Everyone is geared up for the Wayne’s annual Swap Shop Hop & Bop, a building-wide swap meet and dance. While Ansi dreads the prospect of selling his stuff, Olly looks forward to starting some kind of collection and Saraline relishes the idea of closing the most audacious deals possible. When a seemingly-useless hunk of old metal reacts strangely with some old clothes Andrei is selling, the kids realize it may not be so useless after all – now, if they can just get it back.
Another fun episode, somewhat of a detour from the more arc-based recent episodes, but as I said, it moves the needle a bit during the climax. I enjoy the kids’ reactions to the comparatively-mundane event of the swap meet. Everyone is immediately in character – of course Ansi would be twitchy, Saraline would be eager to show off her bargaining superiority, and Olly would have no idea what he was looking for but perfectly sanguine that he’ll find it anyway. There are fun details thrown in, like one of the spy’s henchmen selling carved replicas of famous animal sidekicks or a running joke about an old man hawking “overpriced disco balls.”

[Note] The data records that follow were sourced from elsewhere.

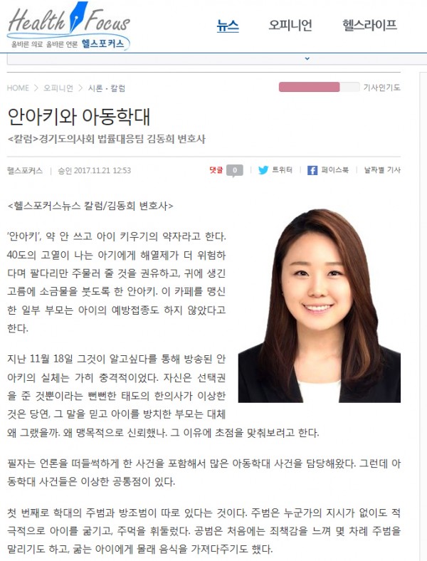 안아키와 아동학대, 대피연 법제이사 김동희 변호사 칼럼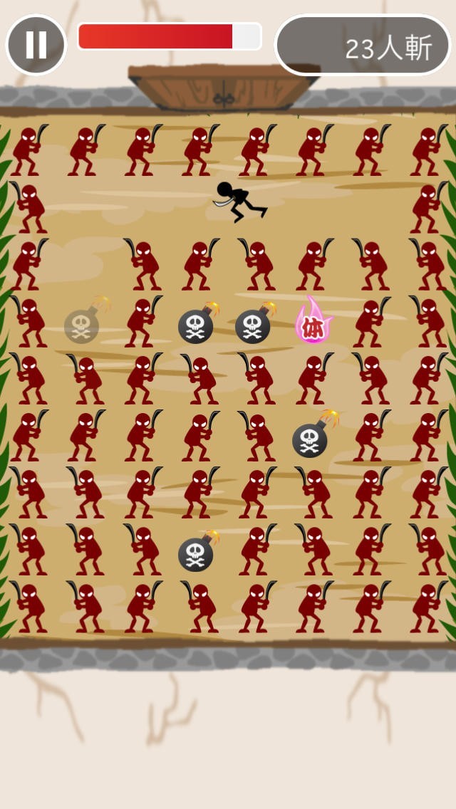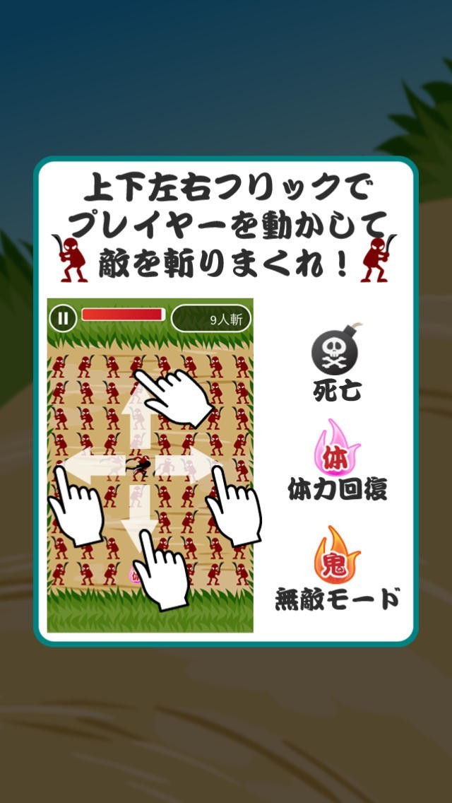 大量に現れる敵を斬りまくるカジュアルゲーム「鬼斬り」 画面にはライフメーターが表示され、メーターが無くなるまでひたすら切りまくる爽快感を味わることができます。 上下左右にフリックして主人公の移動を操作。 敵の群れに混じって出現する即死アイテムや爆弾アイテムに触れてしまうとゲームオーバーになるため、タイミングよく避けながら操作を行いましょう。 鬼アイテムを獲得すれば、必殺スキルの発動で大量の敵を斬ることができます。 GameCenterとの連携も可能。世界ランキングに挑戦して各国のプレイヤーと順位を競い合えるようになっています。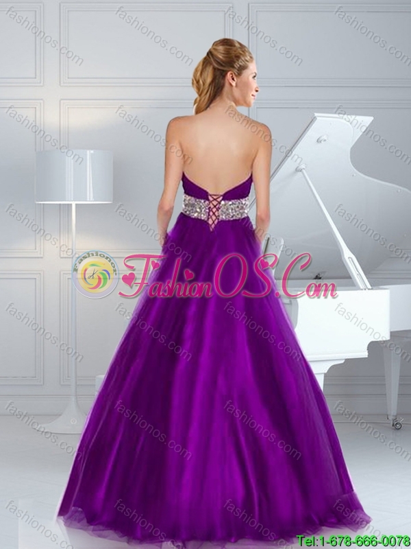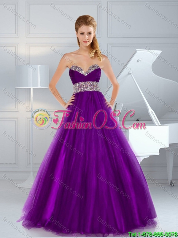 2015 Fall Gorgeous A Line Beaded Purple Prom Dresses with Brush Train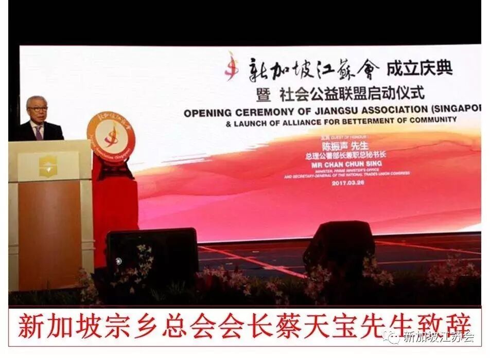 新加坡宗乡会馆联合总会会长蔡天宝也在致辞中对新加坡江苏会的成立表示热烈祝贺,并指出像江苏会这样的新移民团体,要做的不仅是积极拓展联系网,同时还要与友族同胞互动,加强沟通和信任。他也鼓励江苏会与其他团体合作,实现资源共享,再结合众人的力量回馈社会。这样不但能使会务多元化,还能帮助会员更有效地融入本地,从中提升归属感。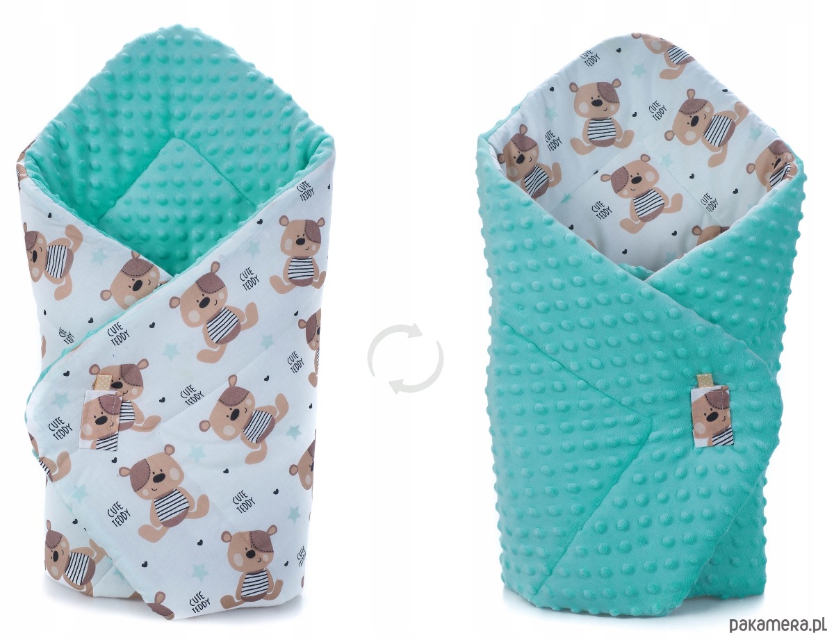 Wykonany jest z wysokiej jakości wzorzystej tkaniny,natomiast drugą stronę stanowi niezwykle miękka i przyjemna dla skóry tkanina minky o gramaturze 380g. Zapinany jest na solidny rzep zapewniająca bezpieczeństwo użytkowania.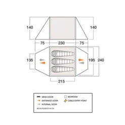 - Bathtub Groundsheet – Waterproof groundsheet extends 10cm above ground level to keep your tent dry in adverse weather

I continue to be impressed with how quick the humor is on this show. “It’s so selfish of you to think only of yourself!” – “How else am I supposed to think only of myself?” is a terrific exchange, and I’m also fond of this great summation: “That thing is after this thing, so this thing must be something” (with, of course, the response, “It’s good to be specific!”)
Andrei is reeling from the revelations of the last episode, which have him feeling depressed and nihilistic – a prime state of mind for deciding to unload all his old stuff. Rannells’s dejected performance is funny here, with Andrei lugubriously lamenting the meaninglessness of existence while trying to flog his clothes, harpoon, and “sharp pillow” (an awesome sight gag.) I love him telling a resident to “just take them all [his old clothes] – they smell like loneliness and vampire.” But even as he’s dismally draping himself across his swap-meet table, there’s still a little of the old Andrei blasé reaction to ridiculous things – another great line of his is, “Someone told me you have to take the past and turn it into a laser, or something, but we’ve already had like three pep talks, so just go do that.”
And yeah, the ending adds a new wrinkle to the proceedings, one that could potentially put Andrei at odds with the kids; I’m curious to see what happens next.